The popularity of the Bouquet romance took off in the 1980s, with the books selling like hot cakes. Covers played a crucial role in this and became increasingly explicit and over the top. Picture a blond, half-naked Adonis in a passionate embrace with a beautiful woman. The effect is to maximize the cliché image of the active, dominant man and the passive, submissive woman.

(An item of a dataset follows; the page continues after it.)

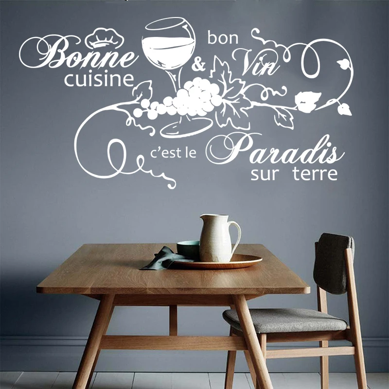 Французский хороший еда на земле виноград Флора Наклейка на стену кухня ресторан винная плита Семья любовь Цитата Наклейка на стену столовая

Joanna Lindsey, one of the best-known authors of that period, made frequent use of covers featuring passionate clinches. The illustrations were done by Elaine Duillo, who introduced the world to the Italian model Fabio Lanzoni. He went on to feature on hundreds of book covers and is thus inextricably linked to the genre. With Lanzoni as the figurehead, Bouquet romances became even more iconic.
Body as object
From paintings and sculptures, to objects and ceramics: the body has been endlessly depicted in art and design. That means objectification is always lurking around the corner. The problem with this is that the body is invariably presented in the form of a white woman. This image comes in turn from another dominant group, the heterosexual white male and the associated male gaze. As a result, the body loses all autonomy and agency and becomes virtually interchangeable.

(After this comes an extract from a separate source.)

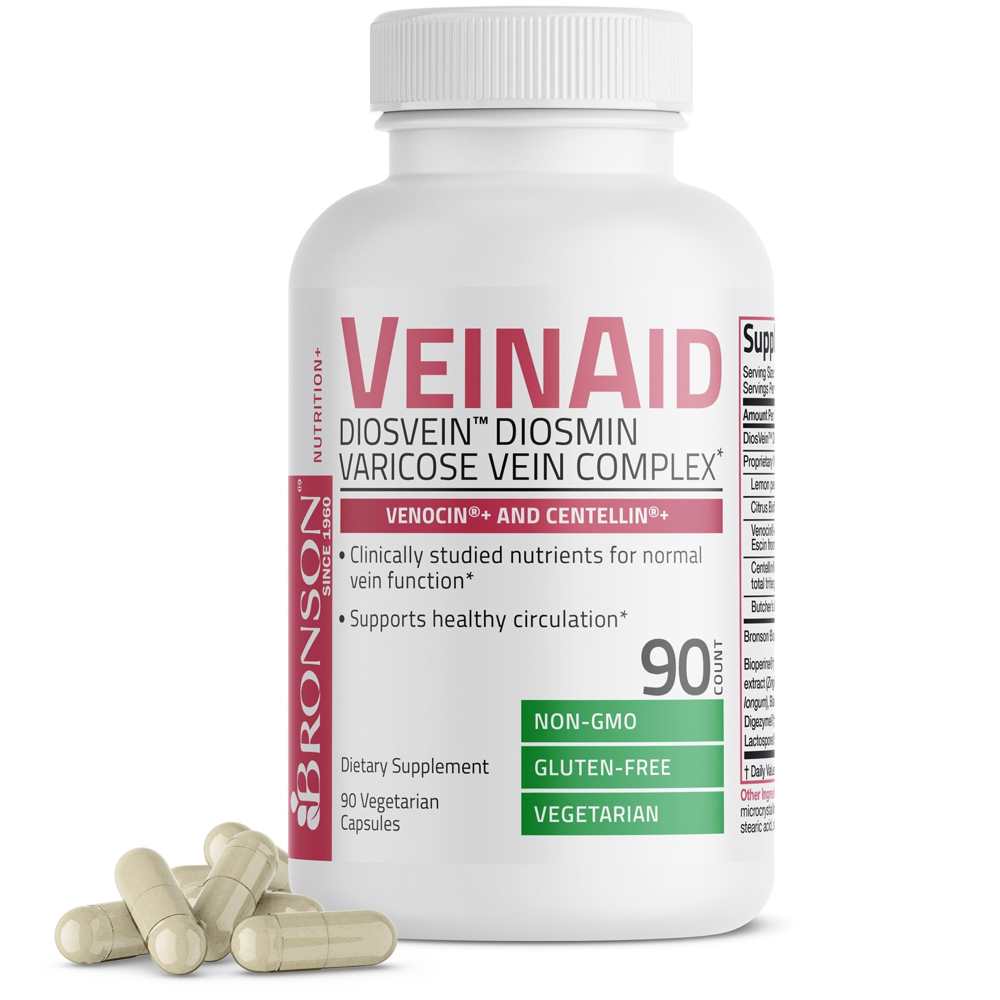 Bronson Vitamins Vein Aid Dios Vein™ Diosmin Varicose Vein Complex - ninety Vegetarian Capsules in Pakistan is a clinically studied complement designed to help healthful circulate and vein function. This precise method incorporates DiosVein™ Diosmin, patented botanicals, and BioAccelerators™ for stronger absorption, imparting herbal help for veins and universal circulatory health. The complement is Non-GMO, gluten-free, and vegetarian, synthetic in a cGMP-licensed facility in New York.

Fortunately, the Bouquet novel has undergone a transformation in recent years, in terms of both content and design. There are books, for instance, with interracial and same-gender relationships, written by authors from culturally and sexually diverse backgrounds. As for the heteronormative embrace on the cover, it too has been eagerly reclaimed by others.
Despite the increase in diversity, the body still functions as an object on book covers and in the world of art and design. One intended for the viewer to enjoy beauty and to satisfy sexual desires and passions. But now also to open our eyes to other possibilities, needs and desires.